Records from a data collection:
============

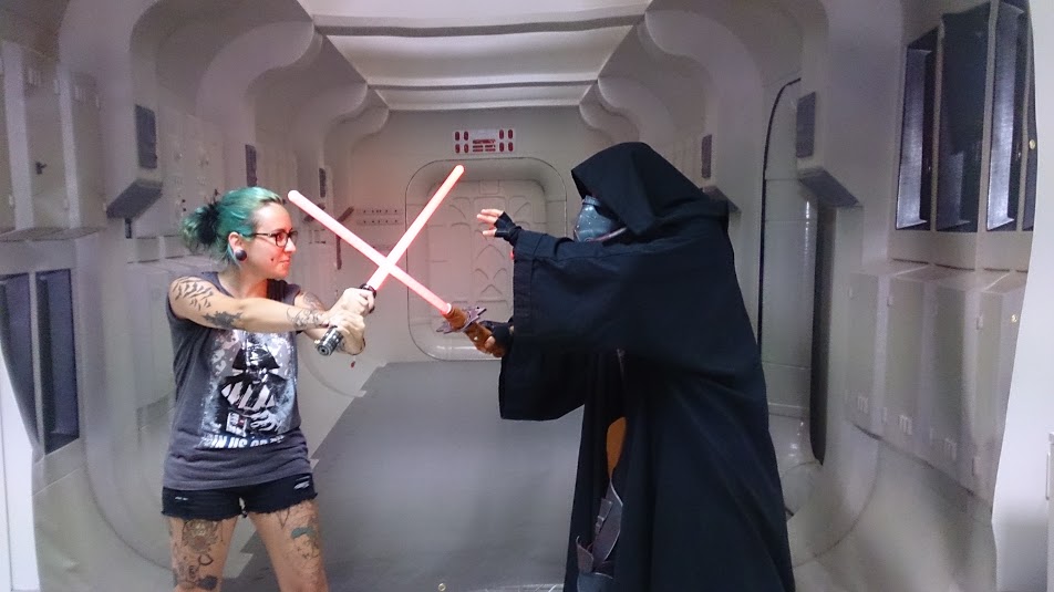 Sarah, una adepta al Lado Oscuro que conocimos en el evento, se enfrenta al temible Lord del Sith. |
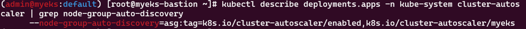 export ASG_NAME=$(aws autoscaling describe-auto-scaling-groups --query "AutoScalingGroups[? Tags[? (Key=='eks:cluster-name') && Value=='myeks']].AutoScalingGroupName" --output text)
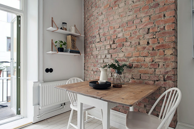 Jakiś czas temu na blogu prezentowałam Wam mieszkanie dwupokojowe, w którym charakterystycznym elementem wystroju wnętrza była ściana z cegły w aneksie kuchennym, aranżację można zobaczyć tutaj. Propozycja ta spodobała się wielu z Was zarówno na blogu, jak i facebooku. Specjalnie dla Was wyszukałam podobną aranżację. Ściana z cegły także ozdabia kuchnię. Także jest to element konstrukcji budynku.
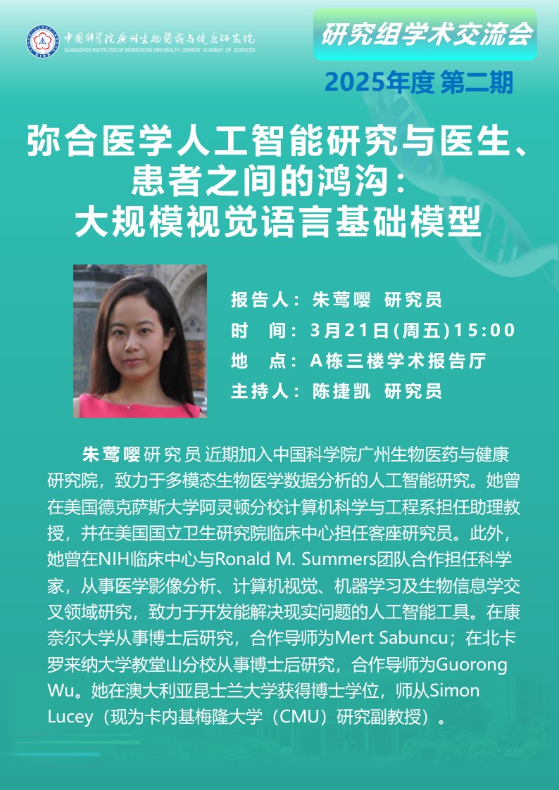 2025年3月21日研究組學術(shù)交流會(2025年度第二期):彌合醫(yī)學人工智能研究與醫(yī)生、患者之間的鴻溝——大規(guī)模視覺語言基礎(chǔ)模型
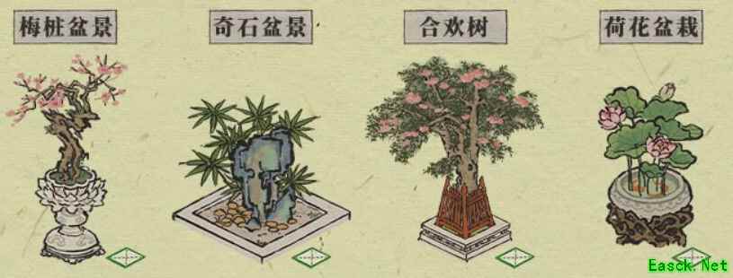 3、盐商特供装饰 盐商定制:将盐引商人提升至三级,即可解锁装饰采购功能。 特供装饰:新增装饰「荷花盆栽」「梅桩盆景」 [ 奇石盆景」r 合欢树」,可通过盐商 「黄莹」消耗盐引进行采购。
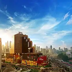 In March 2011, Putra Place, which consists of The Mall, Legend Hotel (now known as Sunway Putra Hotel) and an office block, was acquired by Sunway REIT under Sunway Group for RM513.94 million in a public auction and they spent RM307 million in refurbishment costs.[9] The refurbishment started in May 2013 and reopened as "Sunway Putra Mall" on 28 May 2015.[10][11] Sunway Putra Mall repositioned itself as an urban-chic lifestyle mall and houses 300 outlets.[12]
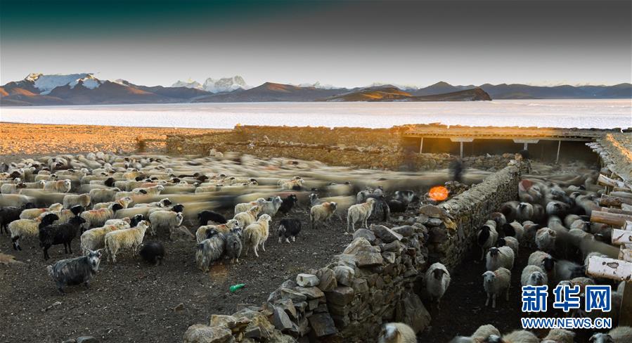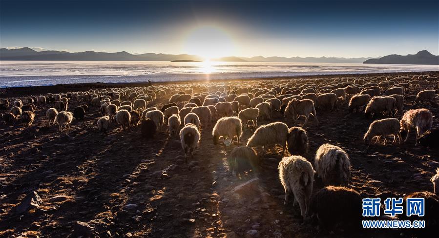 ????普姆雍措湖邊的羊群。
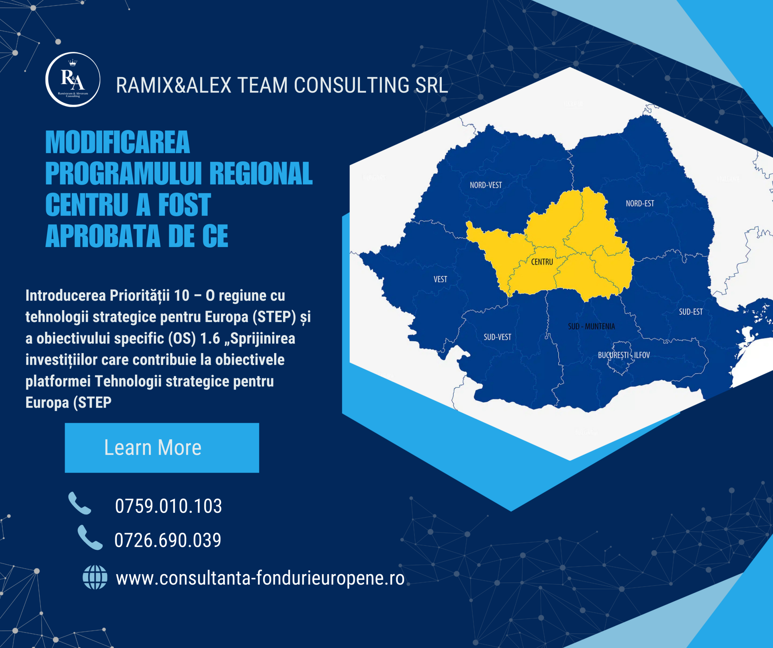 Programul „Regiunea Centru” modificat și Decizia CE de aprobare nr. 5624/06.08.2025 pot fi consultate

============

_WHAT YOU SHOULD DO_. Retyping should start at the first line of the data above and stop after the line with "3、盐商特供装饰 盐商定制:将盐引商人提升至三级,即可解锁装饰采购功能。 特供装饰:新增装饰「荷花盆栽」「梅桩盆景」", and no picture should be included.

_ANSWER TO THIS TASK_.
 Sarah, una adepta al Lado Oscuro que conocimos en el evento, se enfrenta al temible Lord del Sith. |
 export ASG_NAME=$(aws autoscaling describe-auto-scaling-groups --query "AutoScalingGroups[? Tags[? (Key=='eks:cluster-name') && Value=='myeks']].AutoScalingGroupName" --output text)
 Jakiś czas temu na blogu prezentowałam Wam mieszkanie dwupokojowe, w którym charakterystycznym elementem wystroju wnętrza była ściana z cegły w aneksie kuchennym, aranżację można zobaczyć tutaj. Propozycja ta spodobała się wielu z Was zarówno na blogu, jak i facebooku. Specjalnie dla Was wyszukałam podobną aranżację. Ściana z cegły także ozdabia kuchnię. Także jest to element konstrukcji budynku.
 2025年3月21日研究組學術(shù)交流會(2025年度第二期):彌合醫(yī)學人工智能研究與醫(yī)生、患者之間的鴻溝——大規(guī)模視覺語言基礎(chǔ)模型
 3、盐商特供装饰 盐商定制:将盐引商人提升至三级,即可解锁装饰采购功能。 特供装饰:新增装饰「荷花盆栽」「梅桩盆景」 [ 奇石盆景」r 合欢树」,可通过盐商 「黄莹」消耗盐引进行采购。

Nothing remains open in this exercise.